# igb aim not working



## chrcol (Sep 9, 2017)

I been having issues on a unit I use for pfsense routing (based on FreeBSD 11.0), and recently discovered it starts random packetloss at just 2000 pps.

The network hardware is a mini pci-x intel i350 with 2 ports.  It uses the igb driver.

I have tried various things but will stick to what the behaviour is at default settings.

At default msix is enabled, 4 queues (4 cpu cores), netisr will do direct dispatch.

I observe for the 2000 pps and about 70mbit throughput (download from meganz), there is about 8000 interrupts generated per queue.  Which seems excessive, another observation is if I toggle 'aim' adaptive interrupt moderation, then the generated interrupts do not change at all.  It is as if 'aim' is not working.

After a few days of getting nowhere, I decided to enable polling just to see if my interrupt hunch was correct, and low and behold it can handle downloading from meganz (and other high threaded sources) just fine, packet loss gone.  Polling is supposedly useless on new hardware but seems not in my case.
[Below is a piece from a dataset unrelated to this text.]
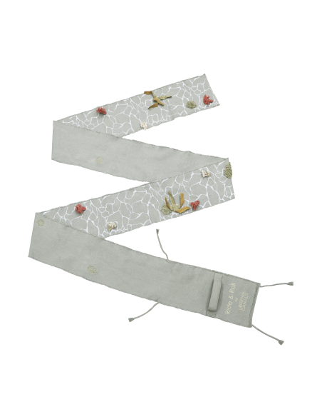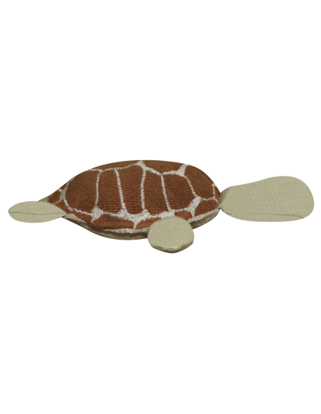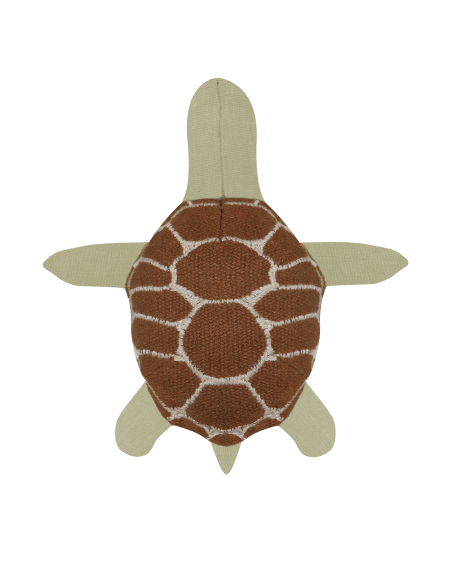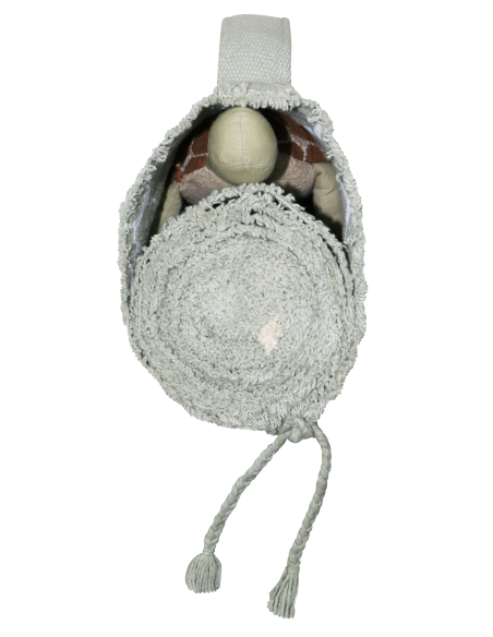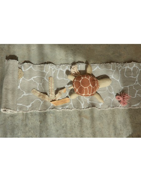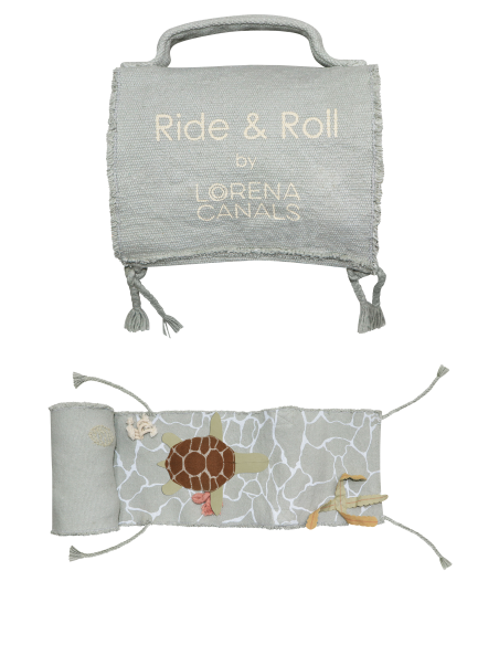 Yeni doğmuş kaplumbağanın okyanuslardaki yolculuğuna katılın! Ride&Roll Turtle, zeytin yeşili patileri ve işlemeli kabuğu olan, pamuklu kanvastan yapılmış yumuşak bir oyuncak kaplumbağadan oluşur. Kaplumbağa, 4 metre uzunluğunda, mavi adaçayı renginde kanvas rulo halinde sarılmış olarak geliyor; rengarenk mercanları ve üstüne basılan suyun yansımalarıyla deniz dibinin büyülü dünyasını ön plana çıkarıyor. Kenarlarında örgülü ipler bulunan bu çanta, kolayca yuvarlanıp kaplumbağa ile birlikte bağlanarak pratik bir evrak çantasına dönüştürülebilir.

I am aware there is fake intel cards on the market so I now suspect mine might be fake but I welcome other insights.


----------



## JanJurkus (Sep 9, 2017)

I thought updating the firmware/boot rom would only make a difference when using the card to boot from.
However,  this thread says something different. So you might want to try that.


----------



## SirDice (Sep 11, 2017)

chrcol said:


> I been having issues on a unit I use for pfsense routing (based on FreeBSD 11.0)


PC-BSD, FreeNAS, NAS4Free, and all other FreeBSD Derivatives


----------